You may also wish to check the ‘refresh automatically’ check box so that when you change your selected team, the information returned updates as well.
If everything went well you should be done besides any formatting changes you may need to make…
One thing that I did have to mess with to get to work was in the cell that had the three character code used in the URL. I had to use the TEXT() formula to convert make sure it was in the correct format when being passed to the web query. I’ve found that no matter what you’re passing, (dates, numbers, text, etc…) its always good to use the TEXT() function to make sure the value is being read in the correct format.
Downloads:
Hacking Excel Web Queries Sample File
Want to learn more about Excel?
Take my course on Excel Dashboarding
Or dive in deeper and learn Data Analysis Fundamentals
I run a fantasy golf league and each golfers points are their prize $ for each tournament. Is there a way to automatically get this information onto an excel spreadsheet?

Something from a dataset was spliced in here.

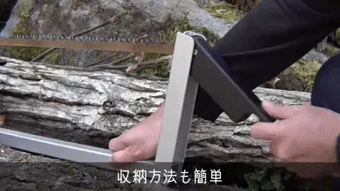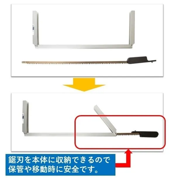 折りたたみ式でチューブスパインの中に鋸刃を収納することが出来ます。このことにより移動の時や保管時に鋸刃を安全に保護することが出来ます。

Hi there, these days I would probably use a Google Spreadsheet that you can share w/ folks online. It’s all free, just search for Google Docs and you’ll find a link.
Excel is not really a database or for web. for a better tool, consider cmas.systems. To really automation, you need CMAS.
I recommend www.listly.io/.
It makes web page to Excel in seconds, and finds the CSS-path for list-like contents.
You can extract and download the contents without a parsing code.
Hey Ben, I appreciate you provisioning this page. I have used MSOffice for two decades and recently bought a Mac. Office is not optimized for Mac – in fact it’s safe to say it’s offers almost none of the useful features I am accustomed to. That said, when connecting to HTML websites, I expect navigation to the Internet – but that is not an option. I have access to local machine repositories only, while simultaneously connected to the Internet via multiple browsers. Excel cannot ‘see’ the Internet, I think. I’ve asked this question a dozen times of Microsoft and never hear back and the stores have not idea. Any thoughts? Thank you, ben.